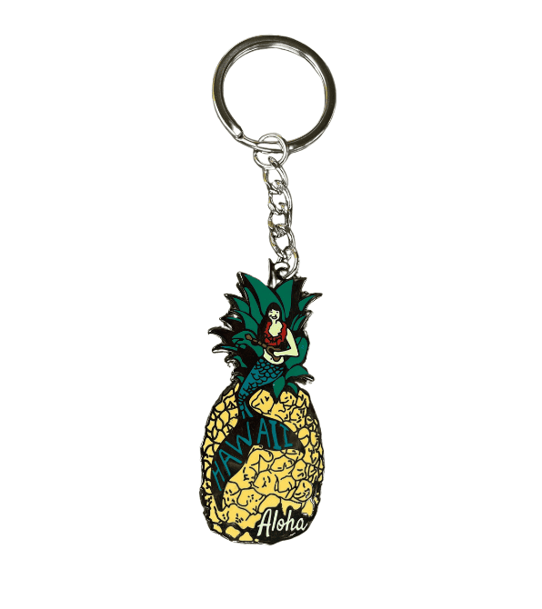 A mermaid playing her ukulele while perched upon a pineapple, with Aloha and Hawaii.
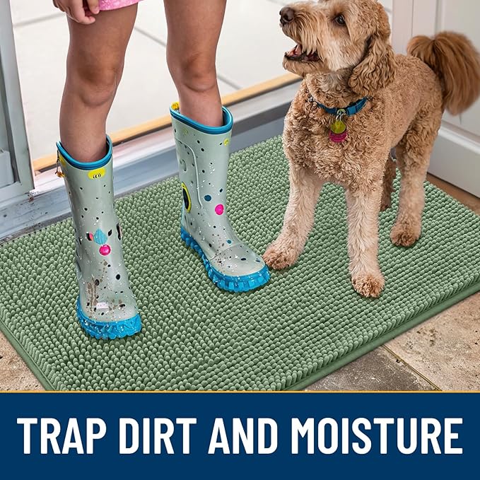 Smiry Dog Door Mat for Muddy Paws 30x20, Absorbs Moisture and Dirt Doormat, Non-Slip Washable Quick Dry Chenille Front Door Mat Indoor Entrance, Entryway Carpet for Inside Floor, Olive Green
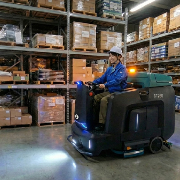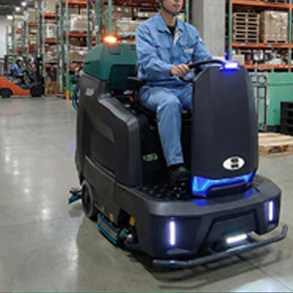 広い屋内の床洗浄に適した、次世代ライドオンスクラバー
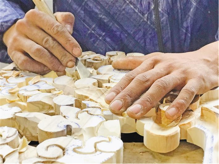 經(jīng)拉巴次仁之手刻出的作品干凈利落,不多一分也沒少一處,極大地表現(xiàn)出木雕藝術(shù)的魅力和風(fēng)格。然而,要完成一件長約50厘米、寬約15厘米的建筑裝飾品,就需要花費(fèi)一天半的功夫。
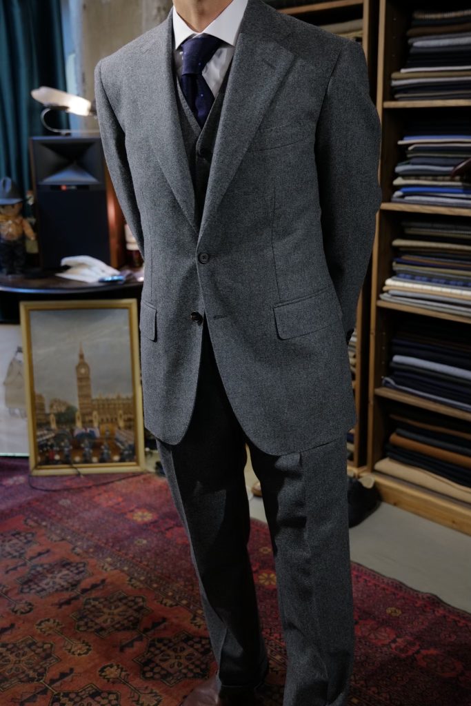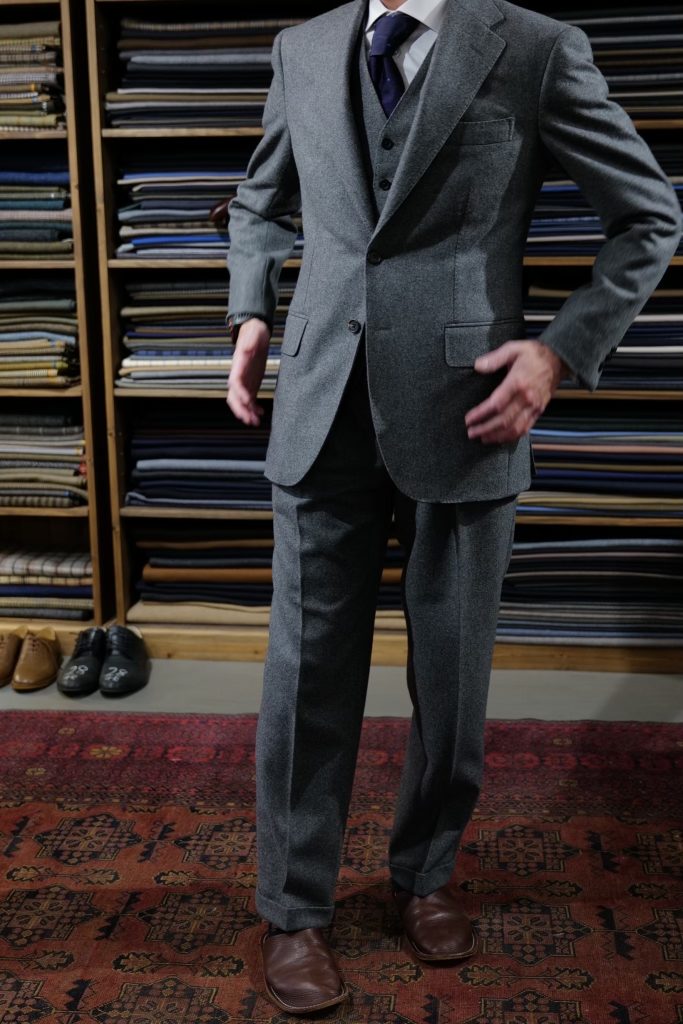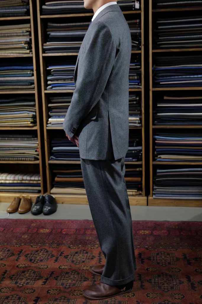 今回は明るめのグレーでフランネルスーツをお仕立ていたしました。
+===+
### Try it:
Each word of the data should be repeated exactly, and the pictures left out.

### Answer area:
 A mermaid playing her ukulele while perched upon a pineapple, with Aloha and Hawaii.
 Smiry Dog Door Mat for Muddy Paws 30x20, Absorbs Moisture and Dirt Doormat, Non-Slip Washable Quick Dry Chenille Front Door Mat Indoor Entrance, Entryway Carpet for Inside Floor, Olive Green
 広い屋内の床洗浄に適した、次世代ライドオンスクラバー
 經(jīng)拉巴次仁之手刻出的作品干凈利落,不多一分也沒少一處,極大地表現(xiàn)出木雕藝術(shù)的魅力和風(fēng)格。然而,要完成一件長約50厘米、寬約15厘米的建筑裝飾品,就需要花費(fèi)一天半的功夫。
 今回は明るめのグレーでフランネルスーツをお仕立ていたしました。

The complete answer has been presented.